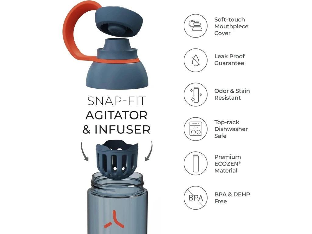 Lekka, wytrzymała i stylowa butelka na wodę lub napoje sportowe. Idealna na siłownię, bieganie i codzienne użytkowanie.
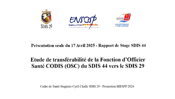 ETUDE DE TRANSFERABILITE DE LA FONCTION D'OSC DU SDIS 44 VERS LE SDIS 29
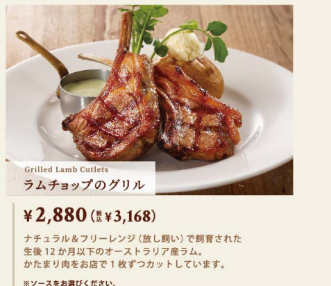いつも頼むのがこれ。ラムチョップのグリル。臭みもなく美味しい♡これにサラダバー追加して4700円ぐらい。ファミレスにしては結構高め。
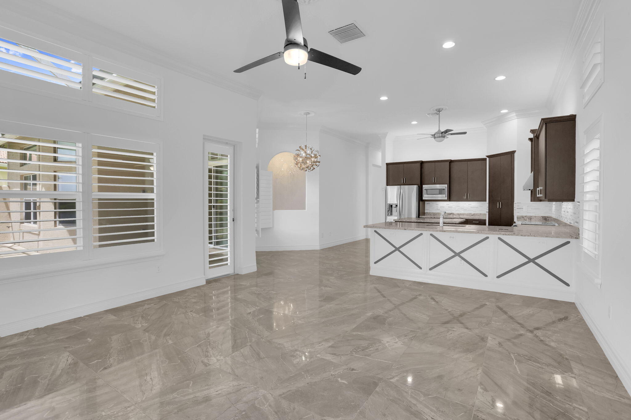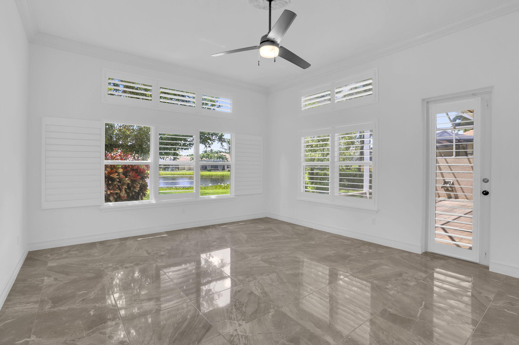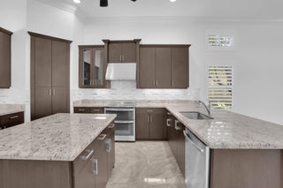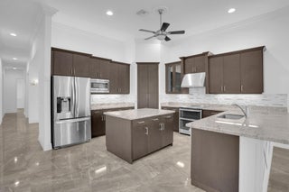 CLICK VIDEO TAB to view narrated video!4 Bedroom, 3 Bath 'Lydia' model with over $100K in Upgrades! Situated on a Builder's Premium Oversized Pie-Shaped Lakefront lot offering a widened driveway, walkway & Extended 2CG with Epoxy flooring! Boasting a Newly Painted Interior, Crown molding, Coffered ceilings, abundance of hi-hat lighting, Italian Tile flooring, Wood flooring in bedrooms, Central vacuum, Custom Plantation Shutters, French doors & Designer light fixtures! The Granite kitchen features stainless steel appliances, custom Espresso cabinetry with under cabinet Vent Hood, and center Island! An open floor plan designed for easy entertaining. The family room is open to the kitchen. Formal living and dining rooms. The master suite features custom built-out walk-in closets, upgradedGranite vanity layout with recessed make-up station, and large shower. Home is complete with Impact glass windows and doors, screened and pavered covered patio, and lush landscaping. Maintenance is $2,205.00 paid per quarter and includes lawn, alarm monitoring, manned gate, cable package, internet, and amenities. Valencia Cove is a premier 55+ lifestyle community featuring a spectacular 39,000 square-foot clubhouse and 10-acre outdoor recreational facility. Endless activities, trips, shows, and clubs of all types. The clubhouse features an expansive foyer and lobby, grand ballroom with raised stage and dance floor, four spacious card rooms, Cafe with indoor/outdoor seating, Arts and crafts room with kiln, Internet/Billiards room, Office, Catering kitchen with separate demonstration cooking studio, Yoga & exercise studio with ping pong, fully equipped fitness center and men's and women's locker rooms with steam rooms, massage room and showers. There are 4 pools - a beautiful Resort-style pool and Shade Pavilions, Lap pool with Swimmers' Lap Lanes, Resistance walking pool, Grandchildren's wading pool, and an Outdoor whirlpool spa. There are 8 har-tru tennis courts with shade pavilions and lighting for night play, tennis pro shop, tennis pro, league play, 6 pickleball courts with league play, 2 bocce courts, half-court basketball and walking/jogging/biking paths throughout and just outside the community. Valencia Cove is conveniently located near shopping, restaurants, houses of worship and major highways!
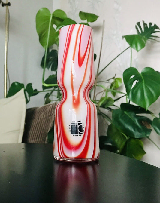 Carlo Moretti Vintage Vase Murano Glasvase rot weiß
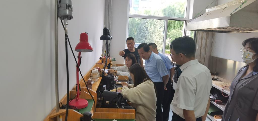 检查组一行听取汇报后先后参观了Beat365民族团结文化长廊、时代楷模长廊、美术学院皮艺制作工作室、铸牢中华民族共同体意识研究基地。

WHAT TO DO.
Please write out all the data again word for word, but not the pictures.

EXPECTED OUTPUT.
 Lekka, wytrzymała i stylowa butelka na wodę lub napoje sportowe. Idealna na siłownię, bieganie i codzienne użytkowanie.
 ETUDE DE TRANSFERABILITE DE LA FONCTION D'OSC DU SDIS 44 VERS LE SDIS 29
いつも頼むのがこれ。ラムチョップのグリル。臭みもなく美味しい♡これにサラダバー追加して4700円ぐらい。ファミレスにしては結構高め。
 CLICK VIDEO TAB to view narrated video!4 Bedroom, 3 Bath 'Lydia' model with over $100K in Upgrades! Situated on a Builder's Premium Oversized Pie-Shaped Lakefront lot offering a widened driveway, walkway & Extended 2CG with Epoxy flooring! Boasting a Newly Painted Interior, Crown molding, Coffered ceilings, abundance of hi-hat lighting, Italian Tile flooring, Wood flooring in bedrooms, Central vacuum, Custom Plantation Shutters, French doors & Designer light fixtures! The Granite kitchen features stainless steel appliances, custom Espresso cabinetry with under cabinet Vent Hood, and center Island! An open floor plan designed for easy entertaining. The family room is open to the kitchen. Formal living and dining rooms. The master suite features custom built-out walk-in closets, upgradedGranite vanity layout with recessed make-up station, and large shower. Home is complete with Impact glass windows and doors, screened and pavered covered patio, and lush landscaping. Maintenance is $2,205.00 paid per quarter and includes lawn, alarm monitoring, manned gate, cable package, internet, and amenities. Valencia Cove is a premier 55+ lifestyle community featuring a spectacular 39,000 square-foot clubhouse and 10-acre outdoor recreational facility. Endless activities, trips, shows, and clubs of all types. The clubhouse features an expansive foyer and lobby, grand ballroom with raised stage and dance floor, four spacious card rooms, Cafe with indoor/outdoor seating, Arts and crafts room with kiln, Internet/Billiards room, Office, Catering kitchen with separate demonstration cooking studio, Yoga & exercise studio with ping pong, fully equipped fitness center and men's and women's locker rooms with steam rooms, massage room and showers. There are 4 pools - a beautiful Resort-style pool and Shade Pavilions, Lap pool with Swimmers' Lap Lanes, Resistance walking pool, Grandchildren's wading pool, and an Outdoor whirlpool spa. There are 8 har-tru tennis courts with shade pavilions and lighting for night play, tennis pro shop, tennis pro, league play, 6 pickleball courts with league play, 2 bocce courts, half-court basketball and walking/jogging/biking paths throughout and just outside the community. Valencia Cove is conveniently located near shopping, restaurants, houses of worship and major highways!
 Carlo Moretti Vintage Vase Murano Glasvase rot weiß
 检查组一行听取汇报后先后参观了Beat365民族团结文化长廊、时代楷模长廊、美术学院皮艺制作工作室、铸牢中华民族共同体意识研究基地。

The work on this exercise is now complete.